The gym ball, aka the Swiss ball, is a long-established piece of kit you see in most gyms and many homes. It’s popular because it’s low cost and highly versatile. So, whatever your level of fitness there are exercises on the ball that will challenge your stability and build your strength.
Follow this simple guide to buying the right ball for you, keep it pumped up and use it every day and you’ll soon have a stronger back which will enhance all other sports and activities you already undertake.
The Bigger the Person, the bigger the gym ball
The key to getting the right ball for you is size. Quite simply the taller you are the bigger the ball you need. Petite people under 5’5” require a small 55cm ball, average height folk ranging from 5’6” to 6’ need a medium 65cm ball and those over 6’ need a large 75cm ball.
Keep it pumped
To work effectively the pressure of air in the ball needs to be such that when it’s used it flattens only minimally at the points of pressure. Most gym balls are supplied with a pump and so you can inflate them and then keep them topped up if and when needed. The best quality balls, such as these brand new Viavito ones, will include inflation instructions and a special tape measure so you inflate your gym ball correctly.
Keep your balls on show
If space is tight in your home, it’s quite tempting to shove your gym ball under the stairs or on top of a wardrobe. Don’t! The brilliance of a gym ball is that you don’t need to have undergone a proper warm-up to use it. Replace your dining chair with a gym ball or sit on it when you watch the box. At first you’ll feel the fatigue set in pretty quickly but within a month of daily sitting on the ball your back will be feeling stronger and your posture will be better than ever.
Work your whole body
Exercise balls are great for the core but they can genuinely strengthen and tone every muscle in the body and work them in a way weights simply don’t.
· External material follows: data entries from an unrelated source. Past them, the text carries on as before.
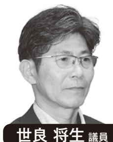
世良 将生 議員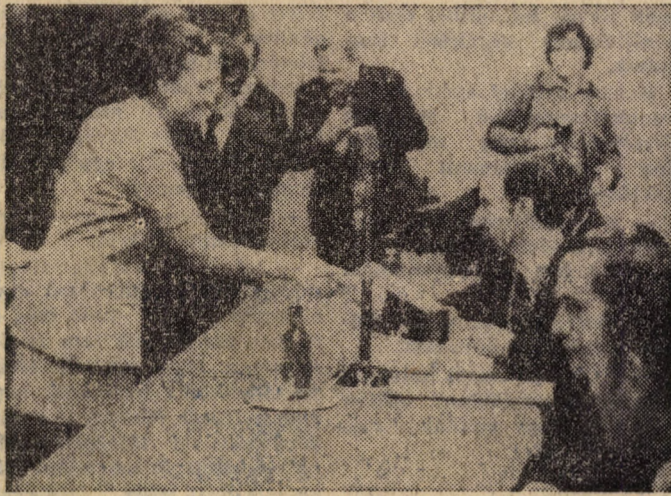
Doktoravató egyetemi tanácsülést tartottak 1974. július 14-én egyetemünkön. 120 fiatal közgazdász vette át e napon a doktori oklevelet.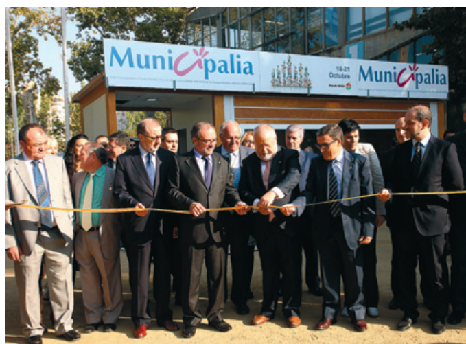
El Presidente de la Diputación de Barcelona corta la cinta en el acto inaugural de MuniCipalia.

El Alcalde de Lleida, también presente en la apertura, demandó una normativa financiera local porque "los Ayuntamientos necesitan una Ley de Financiación Local para continuar con nuestra contribución al mantenimiento del estado del bienestar" . A pesar de la crisis y de la disminución de los ingresos "los Ayuntamientos tenemos como prioridad la atención social, aunque para ello hemos de recurrir al endeudamiento" , dijo. Para el Alcalde anfitrión, es básica la cooperación entre todos los Entes Locales con la mancomunidad de servicios y, "si es necesario, tendremos que reducir Administraciones y no crear nuevos niveles" . Añadió que "los Ayuntamientos debemos tener la capacidad de promover la economía y crear ocupación en el entorno geográfico donde trabajamos, ya sea impulsando viveros de empresas, parques tecnológicos o entes turísticos" , y recordó que en la 16 edición, MuniCipalia se prestaba especial atención a la aplicación de nuevas tecnologías en los equipamientos y servicios municipales para reducir costes y conseguir eficacia energética; de hecho, buena parte de las jornadas y encuentros celebrados en la feria giraron

Here is a quick top-to-toe gym ball workout for you to try – remember to warm up before and cool down and stretch after:
- Chest and shoulders – rest your hands on the floor and your feet on the gym ball. Bend and extend the elbows to perform destabilised press-ups. Try for two sets of 12.
- Triceps and biceps – sit on the ball and rest your hands palms down with your fingers pointed forward. Lift your butt and hover it above ball level. Slowly bend and extend your elbows to perform a dip. Aim for three sets of 8.
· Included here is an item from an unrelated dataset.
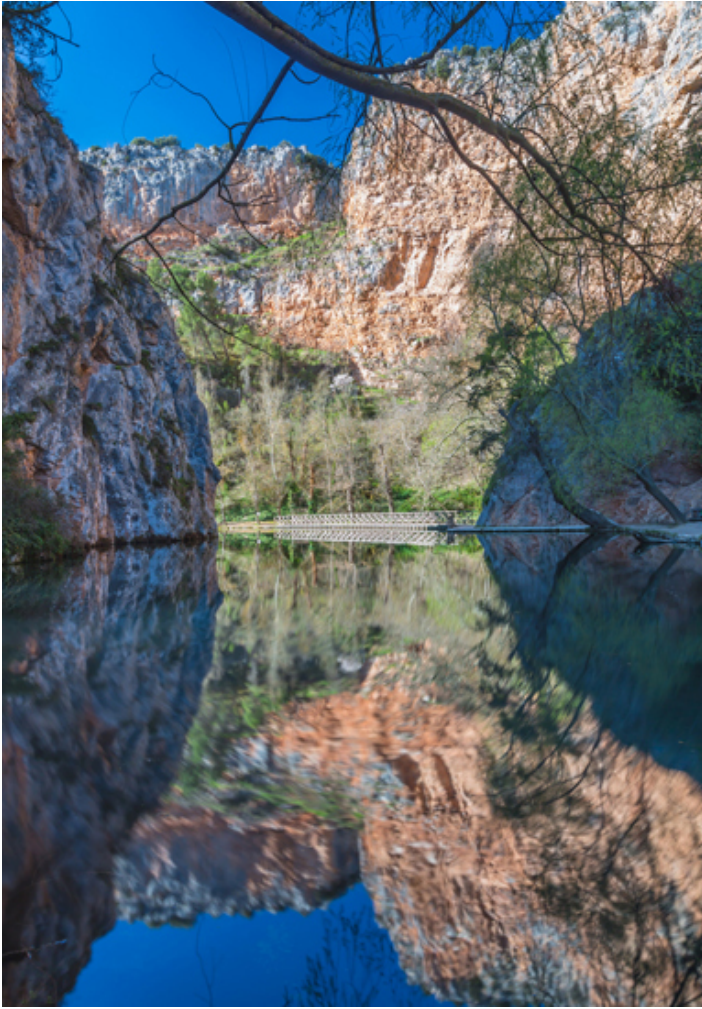
Monasterio de Piedra (Kamienny Klasztor w Aragonii).

- Belly and back – rest your feet on the floor and your elbows at shoulder distance apart on the ball. Assume a plank position and hold for as long as you’re able. Add to the challenge by floating alternate feet off the floor.
- Glutes and hamstrings – lie on the floor with your legs long and your heels rested on the ball at hip distance apart. Lift and hover your hips as high as you can. Keeping your hips lifted, draw the ball towards you by bending your knees and then return to the start position. Repeat 20 times.
- Quads – stand with your back to a wall and the ball between your back and the wall. Bend and extend your legs to roll the ball up and down the wall. Add hand weights for an extra challenge. Aim for 25 reps.
- Calves and shins – stand facing a wall with the ball between your belly and the wall. Flex your ankles to raise your claves and roll the ball up and down the wall. Aim for 20 reps.
Keep it up
The above may not be challenging enough for you if you’re fit, and even if it works for you now after a few months you’ll be in need of new challenges and greater variety. The good news about gym balls is that the sheer volume of exercise you can do is immense! Online resources, classes at your local gym and even a little bit of experimentation will open up the many different ways you enjoy a workout with balls. Enjoy!